July 12 (Reuters) – The European Union’s executive put forward proposals on Monday to bolster consumer confidence through better and faster protection of investors who face a run on their bank or have been the victim of fraud.

The European Commission’s plans are part of wider efforts to learn from the financial crisis, in which the savings of millions of people were hit by extreme market volatility and some banks had to be rescued by taxpayers.

The Commission has proposed toughening EU rules that protect bank account holders and retail investors. It has opened a public consultation on improving how insurance policy holders are safeguarded.

The 27 EU states and the European Parliament have the final say on the proposals, which seek to encourage investors to save for their retirement and avoid taxpayers having to bail out banks again in any future crisis.

BANK DEPOSITS

* Under EU rules dating to 1994, all states must set up national deposit guarantee schemes to reimburse account holders up to a certain level if their bank runs into trouble.

* During the financial crisis, the EU approved quick-fix changes to increase coverage to at least 50,000 euros ($63,000) by June 2010 and to a uniform level, expected to be 100,000 euros, by the end of 2010.

* The Commission proposes confirming the increase to 100,000 euros per depositor per bank by the end of 2010, which will cover 95 percent of all bank account holders in the EU.

* It would cover small businesses and all currencies.

* From the end of 2013, customers would get their deposits back within seven days, compared to three months at present and four to six weeks by the end of 2010.

* New steps will ensure that national deposit guarantee schemes are well funded by 2020.

* The Commission estimated that even if banks passed on all the extra costs of the new rules, it would increase bank fees by only 7-12 euros a year per account.

RETAIL INVESTORS

* The Commission is proposing amendments to a 1997 EU law on investor compensation schemes in cases where a firm is unable to return assets to an investor because of fraud or negligence.

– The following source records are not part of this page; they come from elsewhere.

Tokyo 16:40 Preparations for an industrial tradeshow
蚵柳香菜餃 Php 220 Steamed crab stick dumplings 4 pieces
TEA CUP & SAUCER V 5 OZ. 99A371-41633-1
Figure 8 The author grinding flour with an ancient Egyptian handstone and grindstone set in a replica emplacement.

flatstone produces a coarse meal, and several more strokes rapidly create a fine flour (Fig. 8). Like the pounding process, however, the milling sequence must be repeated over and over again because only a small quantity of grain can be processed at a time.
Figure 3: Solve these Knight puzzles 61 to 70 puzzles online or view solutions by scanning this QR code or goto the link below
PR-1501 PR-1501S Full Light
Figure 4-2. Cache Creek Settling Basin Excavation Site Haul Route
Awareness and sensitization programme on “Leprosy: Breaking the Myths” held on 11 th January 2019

* The Commission proposes partial or full compensation within nine months compared to several years in some cases at present.

* The Commission proposes that compensation in financial services cases will rise to 50,000 euros from 20,000 euros.

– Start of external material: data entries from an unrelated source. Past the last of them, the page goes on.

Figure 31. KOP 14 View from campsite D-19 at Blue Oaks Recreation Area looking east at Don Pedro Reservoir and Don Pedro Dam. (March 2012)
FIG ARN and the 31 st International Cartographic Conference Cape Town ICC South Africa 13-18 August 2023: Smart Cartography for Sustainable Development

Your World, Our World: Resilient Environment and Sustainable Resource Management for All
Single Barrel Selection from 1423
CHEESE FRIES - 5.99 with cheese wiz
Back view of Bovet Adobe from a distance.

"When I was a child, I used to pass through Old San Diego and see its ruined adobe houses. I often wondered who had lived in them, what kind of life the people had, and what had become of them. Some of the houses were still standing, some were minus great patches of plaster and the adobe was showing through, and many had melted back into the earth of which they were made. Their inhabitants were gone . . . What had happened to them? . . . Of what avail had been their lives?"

* Consumers would no longer have to pay the first 10 percent of losses.

* Consumers would have better protection against fraudulent misappropriations in which their assets are held by a third-party custodian, such as in the recent Madoff scandal on Wall Street.

* Investor compensation schemes should be funded to a level equivalent to 0.5 percent of the value of assets covered with regular contributions from banks, investment firms and funds.

INSURANCE POLICY HOLDERS

* There are no EU-regulated insurance guarantee schemes to provide last-resort protection to consumers when insurers collapse or are unable to meet their commitments.

* Only 11 EU states operate national insurance guarantee schemes at present — Bulgaria, Denmark, France, Germany, Ireland, Latvia, Malta, Portugal, Romania, Spain and Britain.

* Currently 26 percent of all life insurance policies and 56 percent of all non-life policies are unprotected.

* The Commission’s policy paper sets out different options for a legally binding EU framework for a national insurance guarantee schemes in all member states.

* The Commission wants life and non-life insurance policies to be covered by insurance guarantee schemes, financed by contributions from insurers.

* The Commission estimates the size of a national insurance guarantee scheme should be equivalent to 1.2 percent of gross written premiums per year.

* The Commission will propose a draft law in 2011.